A second key finding in the article by Cheung and colleagues (8) comes from the analysis of the effect exerted by PIK3R1 and PIK3R2 mutations on PI3K signaling. Based on the current knowledge of p85's role in controlling p110 activation, it is not unexpected that most PIK3R1 and PIK3R2 mutations are gain-of-function and work by removing the inhibitory control of p85 over p110; however, one specific PIK3R1 mutant, E160*, unexpectedly uncovers a different mechanism that leads to constitutive PI3K activation.
It was previously shown that p85α interacts with and increases PTEN activity (10). Cheung and colleagues (8) now show that expression of wild-type p85α, but not p85β, increases PTEN protein levels through stabilization. Expression of the p85α E160* truncation mutant, which cannot bind PTEN, leads instead to reduced levels of PTEN protein due to increased ubiquitination and degradation. It appears that p85α binds PTEN as a homodimer, and binding of the mutant p85α to the wild-type protein impairs the ability of the dimer to interact with and protect PTEN.
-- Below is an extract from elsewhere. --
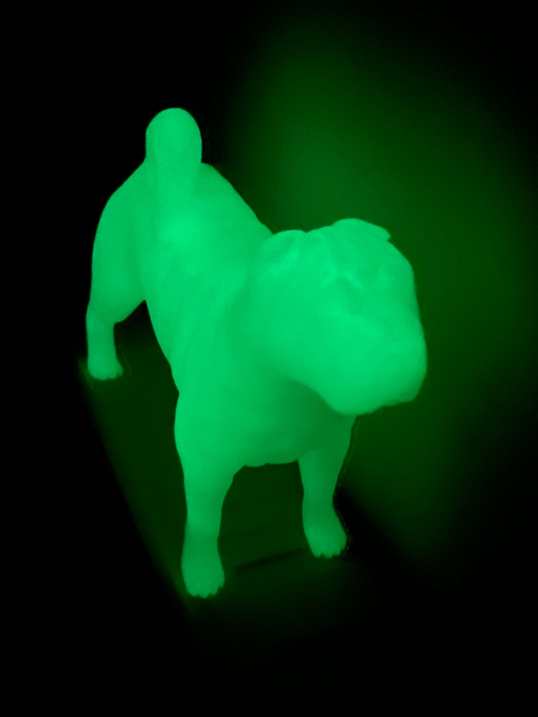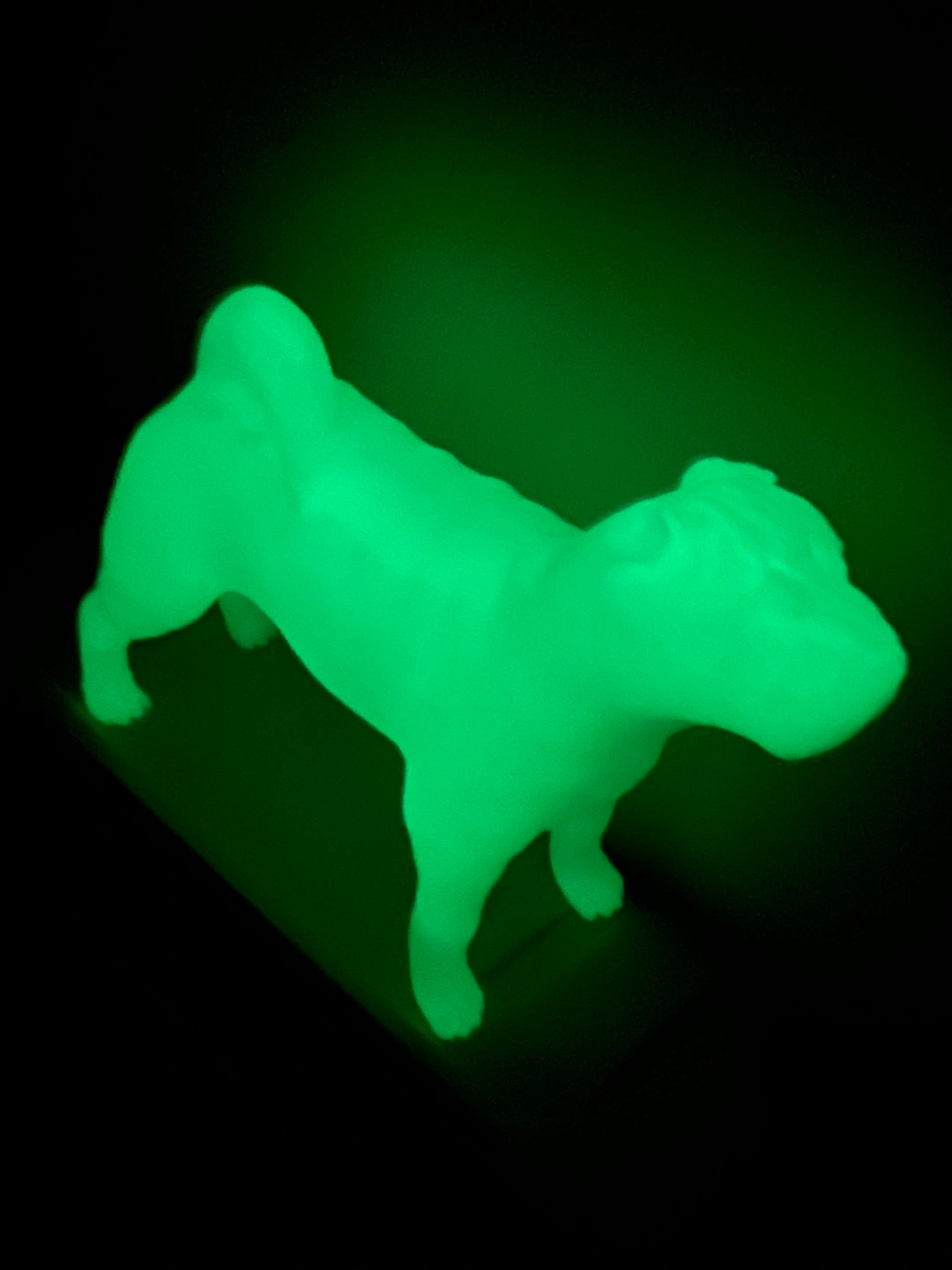 Here's a cute 3D printed figurine of a Shar Pei dog! It's a unique little piece that would look great on a desk or shelf. The figurine has a smooth texture and a charming design. It also glows in the dark!

Although these data, combined with the finding of PIK3R1 mutations, may contribute one additional mechanism explaining loss of PTEN protein in PTEN wild-type or heterozygous tumors, more stringent validation is now necessary using in vivo models to convincingly prove that p85α protects PTEN from proteasomal degradation in a physiologically relevant system. For example, it would be interesting to reevaluate the data presented by Luo and colleagues (11) showing that loss of one Pik3r1 allele increases the number of intestinal polyps but decreases prostate cell proliferation, and has no effect on T-cell hyperproliferation in Pten+/− mice, by comparing the levels of Pten protein in these different tissues showing opposite behavior. Along the same lines, it is important to point out that the levels of Pten protein do not seem to change in the liver of 6-month-old conditional Pik3r1 mutants (12).
Disclosure of Potential Conflicts of Interest
No potential conflicts of interest were disclosed.